MH: When people tell me horse riding is easy I always say it’s like playing soccer but the ball has it’s own mind and feelings – it makes it ten times harder.  On top of that you have, injuries, emotions, feelings, nerves. You may have worked your whole life, spent millions of dollars and you get to the olympics and your horse freaks out; there are people who get in the arena and they freak out and don’t even do their test. The road to getting there is hard, so hard, so competitive and so costly. Purely because of the fact that all this is going against you; how costly it is, and then you’re training a horse you get to the olympics, and it can take ten years to get in shape, but in that ten years, one injury and you’re done – the horse is gone – it happens a lot.

But if you’re considering riding as a hobby, there are a lot of benefits to it, and I actually used to be a coach at a riding school in Australia. I got the certificate so I used to coach a lot of young kids. I think from a child’s perspective, there’s so much personal growth that goes with it. Responsibility. For me it gave me a lot of confidence as well. I think handling these big animals who have so much presence was very scary at first, but you get used to it, and it really boosted my confidence as a child. Then moving on from that when I had to manage my own horse I had responsibilities of looking after it, and it really made me grow as a person. 

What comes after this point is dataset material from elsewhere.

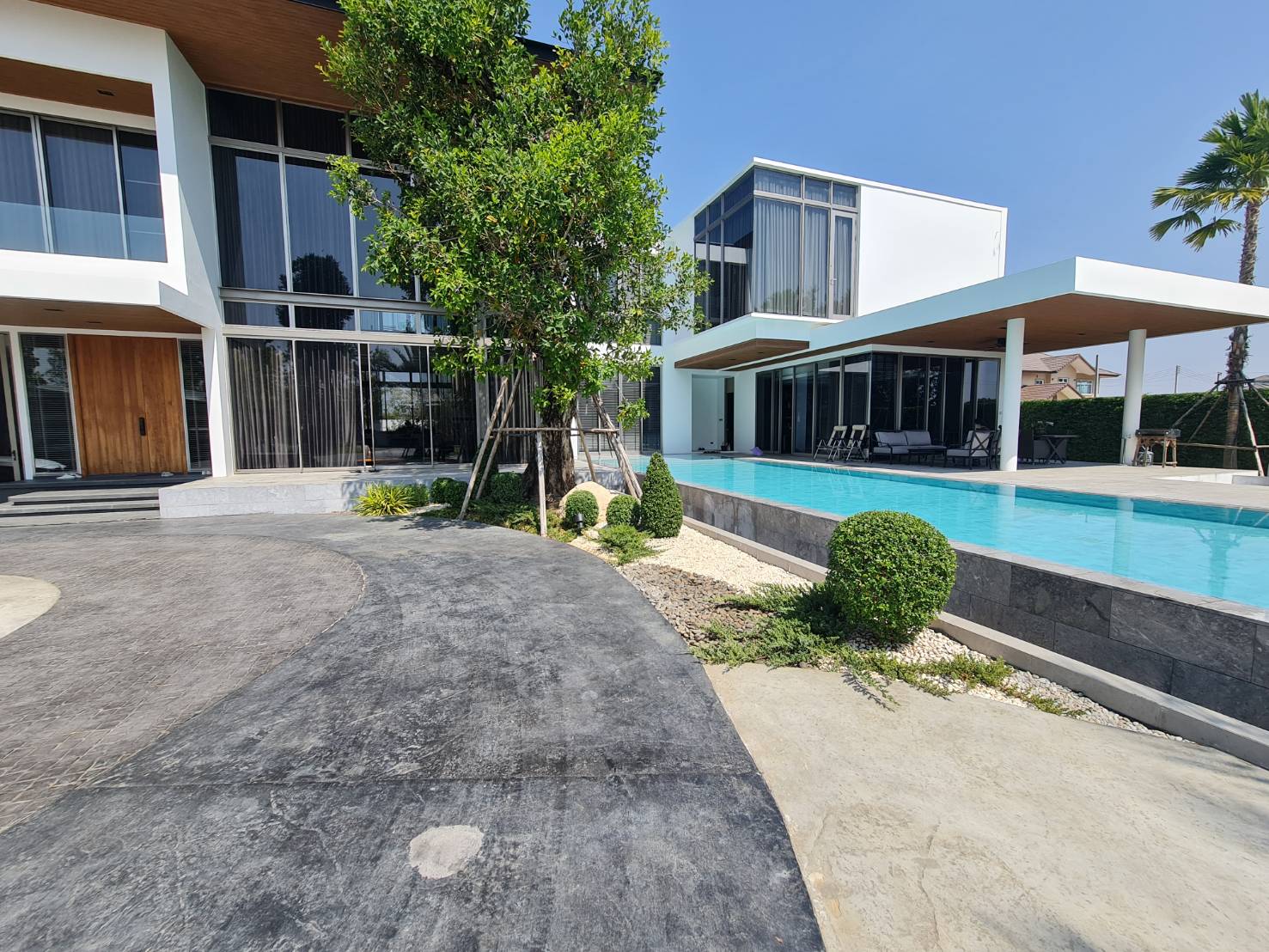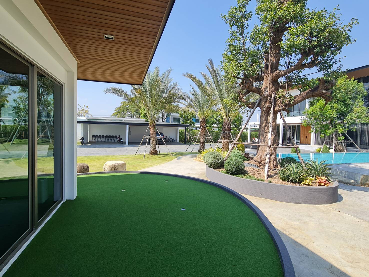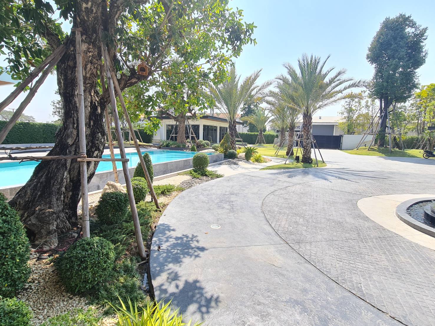 พื้นที่ด้านหน้าบ้านมี ถนนทางเดินคอนกรีตเรียบเท่ ปูอย่างมีจังหวะ ทอดยาวเคียงไปกับแนวไม้พุ่มเตี้ยใบเล็ก เช่น อัญชันเถา, หญ้าแดง, หรือเศรษฐีเรือนนอก ที่ปลูกเป็นแนวขอบ ลดความแข็งของวัสดุด้วยพืชพรรณที่เรียบง่ายแต่ดูมีระเบียบ และถัดไปเพียงไม่กี่ก้าว…คุณจะพบกับ สระว่ายน้ำสีฟ้าใสที่สะท้อนเงาต้นไม้รายรอบ ความเขียวของสนามหญ้าและสีฟ้าของผืนน้ำวางข้างกันอย่างลงตัว ทำให้พื้นที่ตรงนี้กลายเป็นมุมพักผ่อนที่มีชีวิตชีวาโดยไม่ต้องแต่งเติมอะไรให้มากเกิน ไม่ต้องมีน้ำตก ไม่ต้องมีดอกไม้สีฉูดฉาด แต่กลับรู้สึกเย็นสบายตั้งแต่ก้าวแรกที่เดินเข้ามา เพราะนี่คือสวนที่ออกแบบมาเพื่อ “อยู่ร่วมกับบ้านและแสงแดด” อย่างสงบและกลมกลืน

But I think for anyone who wants to start, have a lesson and see how you go. It is costly so it’s something you want to think about especially if you want to buy a horse. What I always tell people is  that it’s not actually the first outlay of buying a horse which costs the most; it’s maintaining it, and keeping it, giving the horse the best lifestyle you can. The vet bills, I just had a bill of 10,000 for surgery. Things like this happen and you just have to be ready for it.

If I ride – and this is why I feel like riding is so emotional for so many people – it’s the only time in life when you are 100% living in the moment. You don’t think of anything else, you don’t do anything else, all your emotions are concentrated on the outcome you’re seeing straight away. I don’t know any other time in my life when I have that. It’s crazy, that’s why I can get off a ride and just feel like I want to cry, if things go bad, it’s just because you’re so involved. And when it goes happily, you’re on cloud nine. And if you have a bad day it ruins your whole day. It’s one of those things, I can’t think of one other thing that gives you that. Even when I work and I model I’m thinking of other stuff and planning other things. My emotions aren’t there and if the shot doesn’t come out great, I can be of course maybe not 100% thrilled but it doesn’t affect me as much. Riding is crazy like that!